(Dataset entries)
++++++++++++++++++++
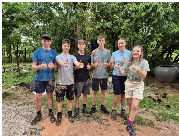
5 - Cambodia Trip
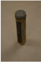
Bottle, Medicine (2011.7.208) 1930s, Alex's Candy Shop
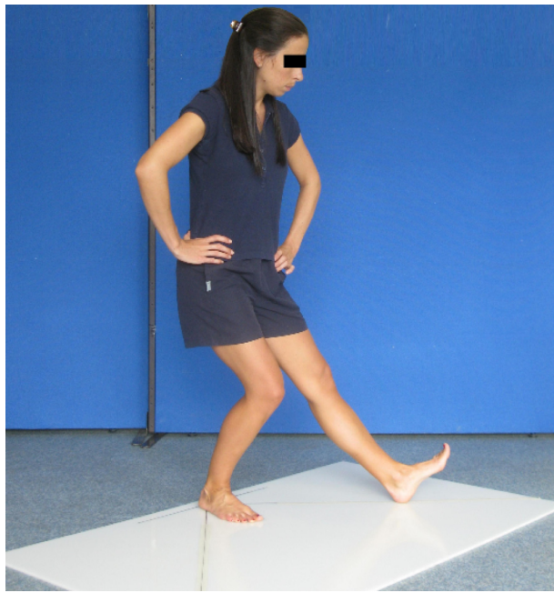
Figure 3 Participant performing Anteromedial Reach Test on right leg. Right knee flexed to approximately 60°.

due to fluctuation in symptoms. 31 For performance-based measures, where measurements are taken by a rater, both intrarater and interrater reliability are important. 32 Intrarater reliability is the extent to which measurements taken by the same rater are consistent, while interrater reliability is the extent to which measurements taken by different raters are similar. 29
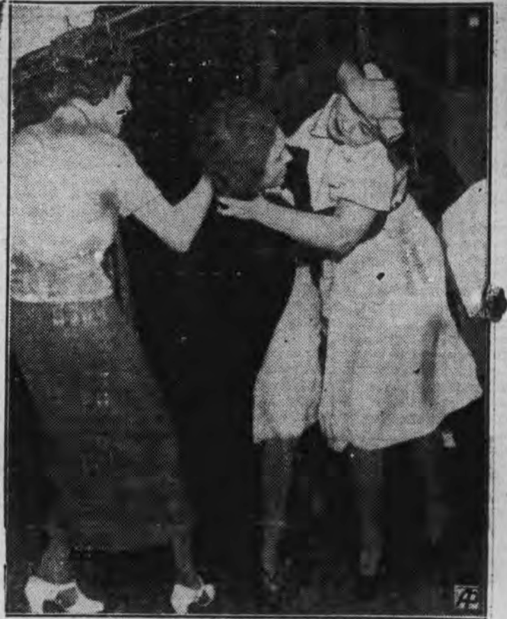
Face-scratching and hair-pulling greet efforts of the Ladies' Garment Workers Union to organize the employes of the Majestic Manufacturing company, Inc., in Atlanta. Here are two battlers hard at it during the fight between union pickets, union organizers and employes of the concern.
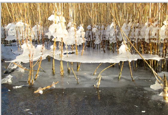
Photo 15. Iced reed in the eastern part of Szczecin Lagoon (Czarnocin, 25 th January 2014)
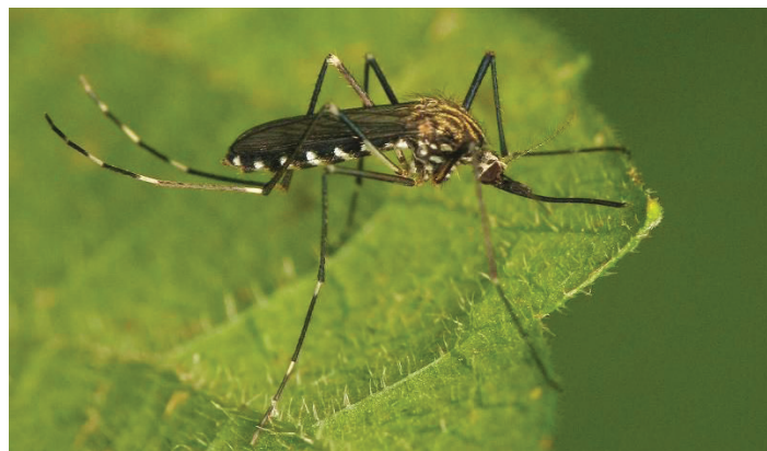
Figure 1. Adult female Aedes japonicus (Theobald) with golden stripes on scutum (dorsal area of thorax).

in shipments of tires arriving from Japan (Laird et al. 1994). International tire trade was also the introduction pathway for another important invasive mosquito species, the Asian tiger mosquito, Aedes albopictus (Skuse), making this the suspected source of Aedes japonicus in many other countries, where adults are often detected in tire yards (Hawley et al. 1987, Versteirt et al. 2009).
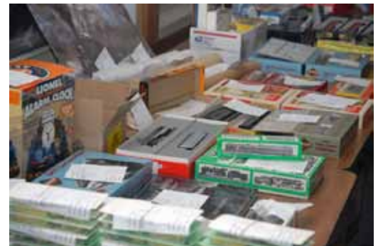
A lot of stuff showed up on the block and went home with new owners.
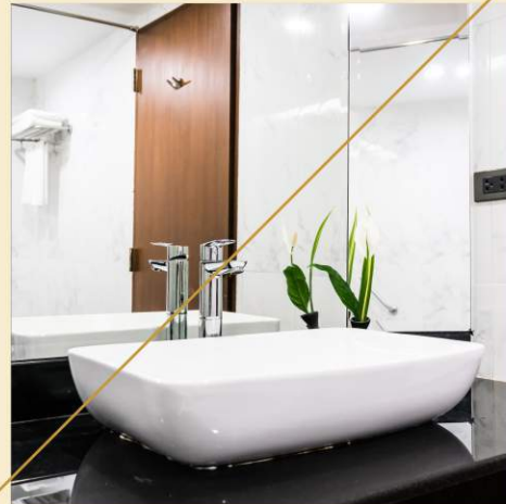
Premium CP Fittings
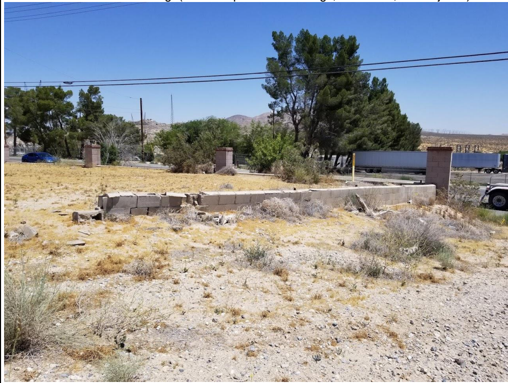
P5a. Photo or Drawing (Photo required for buildings, structures, and objects.)

P5b. Description of Photo: (View, date, accession #) North, 5/14/19, Photo 2
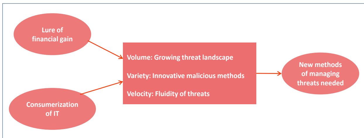
Figure 1. The growing volume, variety, and velocity of data requires new methods of managing threats

Determining whether a particular Web site or page contains malicious content is fluid over time as well. Cybercriminals routinely transform legitimate sites into corrupt sites almost instantly. In one example of many such transformations, in early 2012, cybercriminals installed an iFrame redirection on a popular news site in the Netherlands . What had been a legitimate website that morning infected thousands of people as they perused the compromised site during their lunch hour.
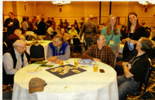
Great interactions were had at our poster sessions and banquet.
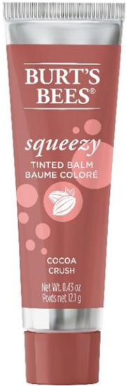
Squeezy Tinted Balm SE (Cocoa Crush)
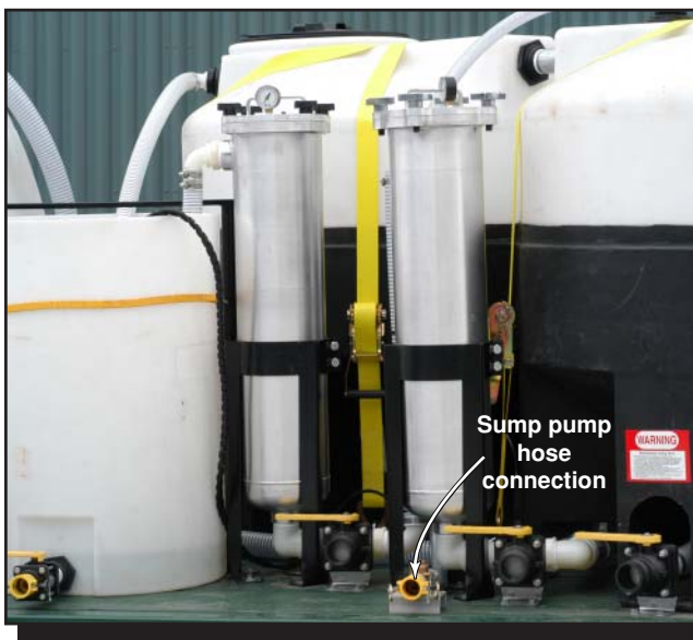
Figure 5—Two filter assemblies remove particulate from the wash water before the water flows back into the main holding tank for reuse.

for instance) than the second filter (50 microns, for instance). Pressure gauges on the top of each housing show the approximate internal pressure. When the pressure reaches 15 to 20 pounds per square inch, the filters are clogged.
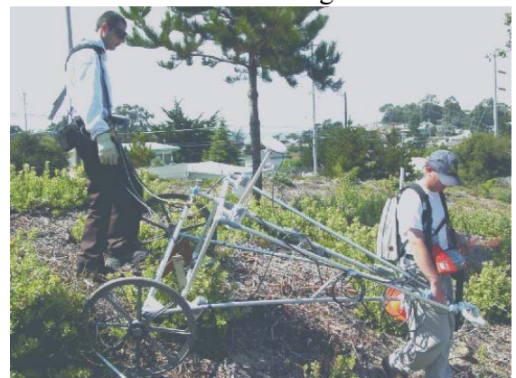
Surveying using a 4-sensor configuration
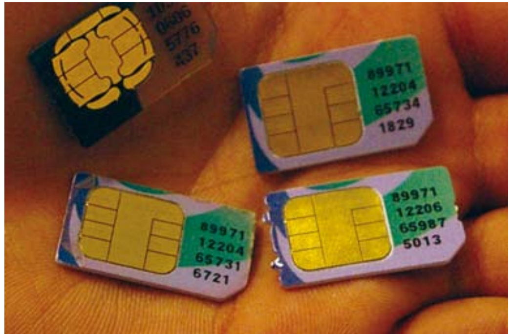
Collecting phone numbers is a new hobby.

Ahmed Al Marzouqi believes that collecting phone numbers is not just a hobby; it is a business. Ahmed says he might sell them at a point of time when the demand for numbers increases. "Those people who collect phone numbers as a hobby are people without a goal," says Ahmad. As UAE is developing in many ways, every day we see many new and unusual hobbies. Hobbies like phone number collecting are considered double-edge weapons; if we use it in a good way it will help us a lot, otherwise it might be a waste of money.
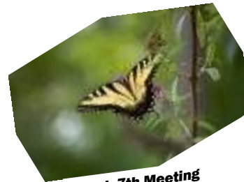
March 7th Meeting
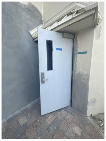
New Fire Door w/Window
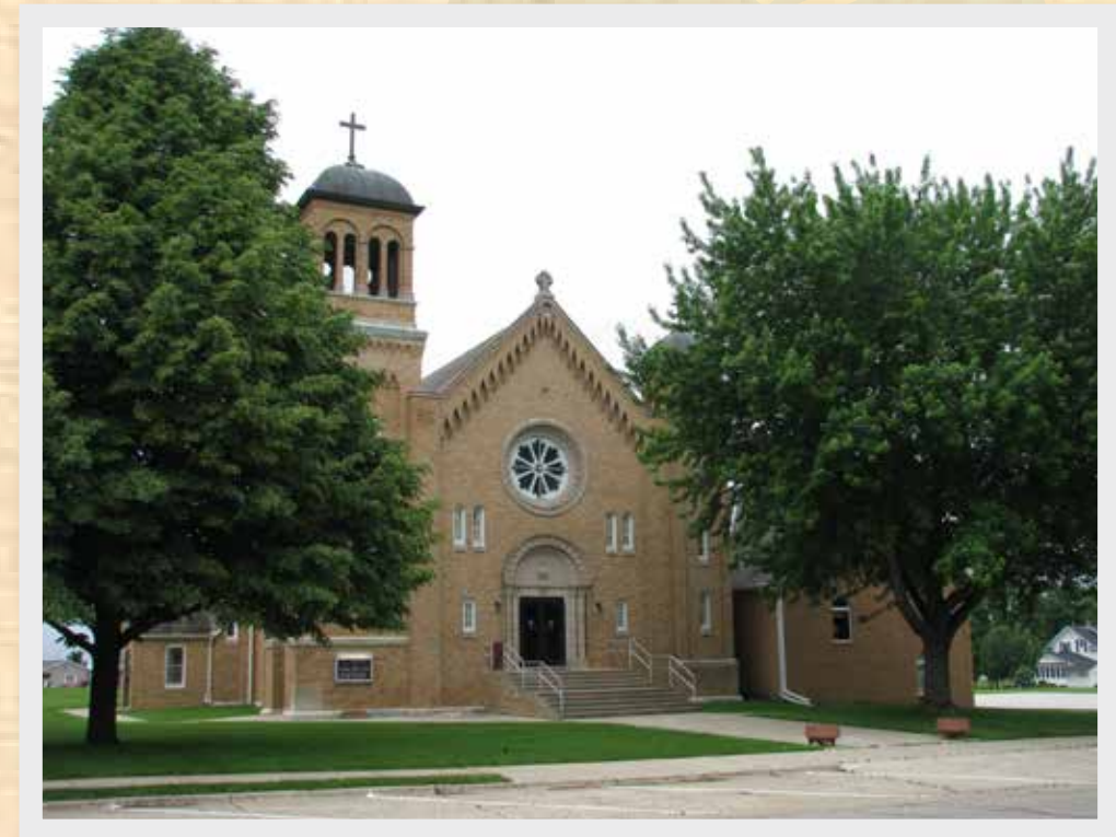
St. Anthony - Hospers
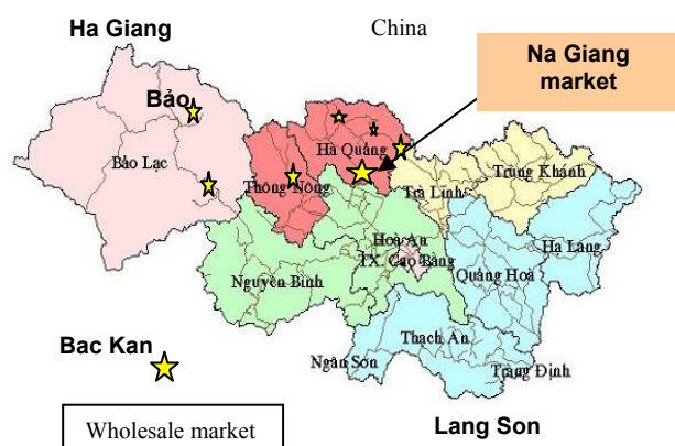
Figure 2 – Map of cattle wholesale markets in Cao Bang

H'mong beef is sold at 2.5% higher price per kilo after slaughtering, compared to yellow-cattle origin beef (1000 - 2000 dong per kilo of beef after slaughtering)
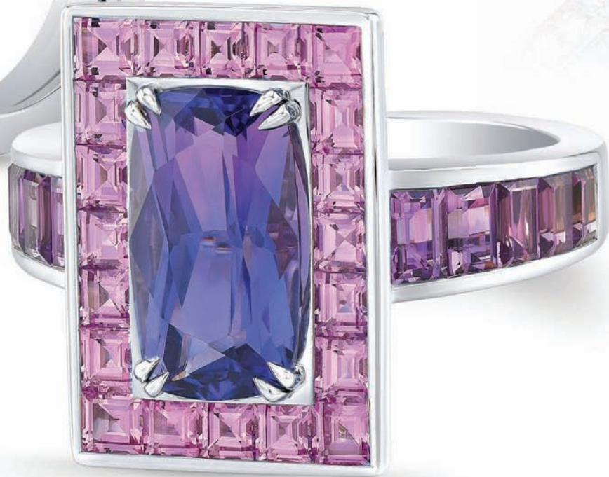
Bluish Violet changing to Purple Sapphire Masterpiece Ring
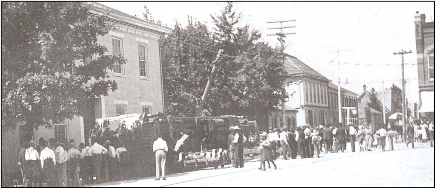
July 17, 1909 – Interurban car overturned at corner of West Monroe & Main Streets

HENRY WUEBBENHORST, 47 MARIE WUEBBENHORST, 5
++++++++++++++++++++
** PROMPT **
Would you copy out, exactly and with no pictures, only the lines above from the one that contains "Great interactions were" through the one that contains "Collecting phone numbers is a new hobby."?

** YOUR RESPONSE **
Great interactions were had at our poster sessions and banquet.
Squeezy Tinted Balm SE (Cocoa Crush)
Figure 5—Two filter assemblies remove particulate from the wash water before the water flows back into the main holding tank for reuse.

for instance) than the second filter (50 microns, for instance). Pressure gauges on the top of each housing show the approximate internal pressure. When the pressure reaches 15 to 20 pounds per square inch, the filters are clogged.
Surveying using a 4-sensor configuration
Collecting phone numbers is a new hobby.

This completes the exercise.